By Christina Bruni, Health Guide Monday, February 25, 2008

Eli Lilly's experimental drug-known as LY2140023-promises to reduce schizophrenic symptoms by acting on glutamate, a key transmitter in the brain that is a critical link in circuits involved in memory, learning and perception. With possibly fewer side effects than Zyprexa, this new drug appeared to improve cognition, something the second generation of atypicals has failed to do.

 

Eli Lilly is likely to move ahead with a clinical trial involving thousands of patients if the drug's efficacy is proven by early next year. I am unreservedly optimistic about this good news, and I'll tell you why. So far, no schizophrenia drugs-either the traditional neuroleptics or atypicals-have been able to treat one of the symptoms most stubbornly resistant to change: anosognosia, or the lack of insight that one is sick. Up to 50 percent of the people experiencing delusions and hallucinations are not aware they have a medical condition needing treatment.

 

It's hard for a healthy person with a rational mind to fathom that someone else could genuinely believe the CIA has given him telepathic powers to influence the 2008 election results. When hard, cold evidence to the contrary doesn't support his delusions, you'd think he'd be deterred from continuing his mission. Wrong again. The hat trick of psychiatry-making anosognosia disappear-remains an elusive feat.

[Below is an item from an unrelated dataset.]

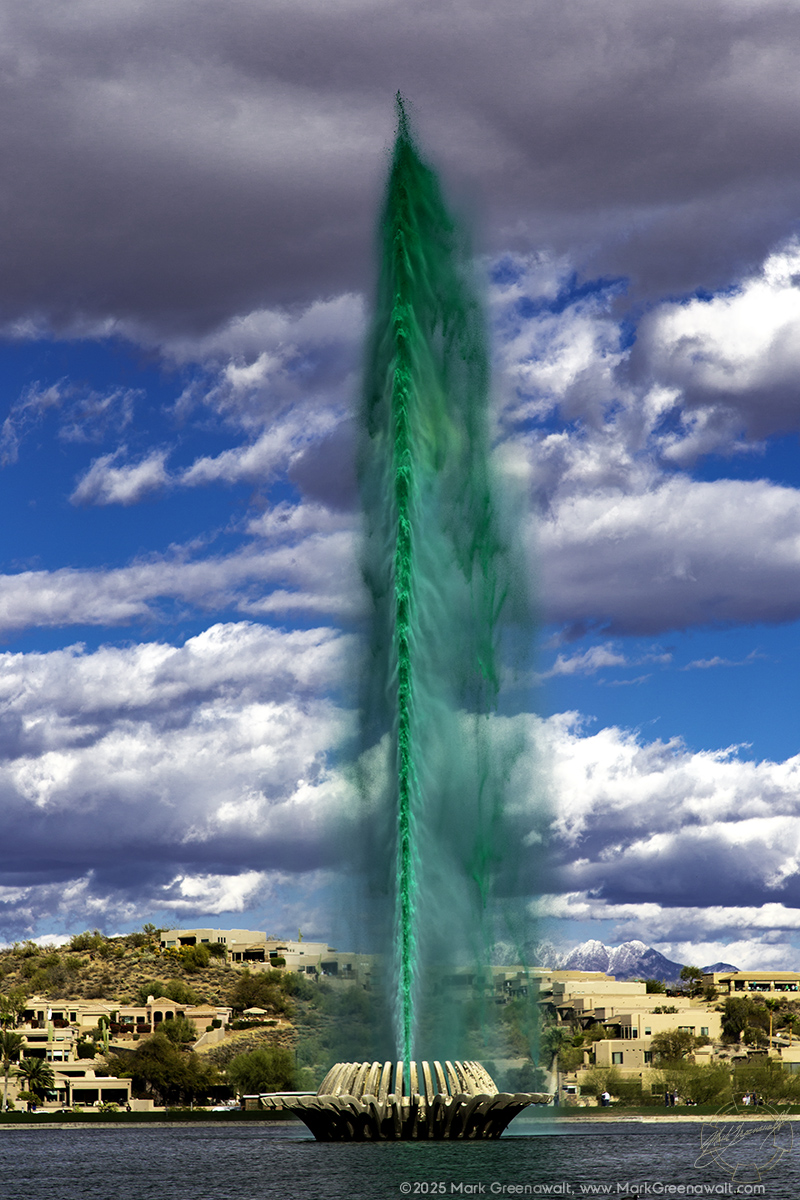 Each year since 1979, the town of Fountain Hills dyes the water green during the St.Patricks Day Irish Fountain Fest. This is was the tallest fountain in the world when it was built in 1970 by Robert P. McCulloch (the same guy that brought the London Bridge to Arizona). It’s now the fifth tallest in the world and second tallest in the US. The fountain shoots water up to 560 feet, driven by three 600 horsepower turbine pumps, every hour (on the hour) for 15 minutes from 9am to 9pm. But the greening is only for this special occasion. My wife and I took our puppy, Honey, along to the festival and had a great time. I got to see my friend Scott Jeffers with his band, Traveler, playing on the main stage and drank a Guiness for the occasion!

Such techniques as motivational interviewing and LEAP, discussed in Xavier Amador's book, I Am Not Sick, I Don't Need Help, could be employed in an effort to get a patient to take his meds.

 

With the advent of the new drug, perhaps, with all due respect to Amador, his book will become obsolete. If clinical trials could prove the Eli Lilly drug improved cognition, I'd feel justified in my expectations for LY2140023. Another limitation of the atypicals: they don't work spectacularly-if at all-on the negative symptoms of schizophrenia, such as lack of volition and motivation. In addition, one person I knew who was prescribed Geodon (a drug I take) felt it clouded her thinking. Though I haven't experienced side effects from this drug, our competing outcomes show that not all sz meds work equally well for everyone. So far, there's no way to predetermine who will respond favorably to a certain medication.

 

Eli Lilly's breakthrough has already sent its competitors scrounging to find a psychotropic that works on glutamate, and so hopefully this frenzy of research and development will yield other novel agents, not just a glut of "me-too" drugs that all act in the same way.

 

The worldwide sales of drugs for brain and psychiatric diseases total almost $50 billion annually. Pharmaceutical companies have an ethical responsibility to create alternatives to the current drugs on the market. Even with their benefits, the atypicals don't relieve all symptoms at all times, and that is perhaps a noble goal, short of a vaccine to prevent the schizophrenia in the first place.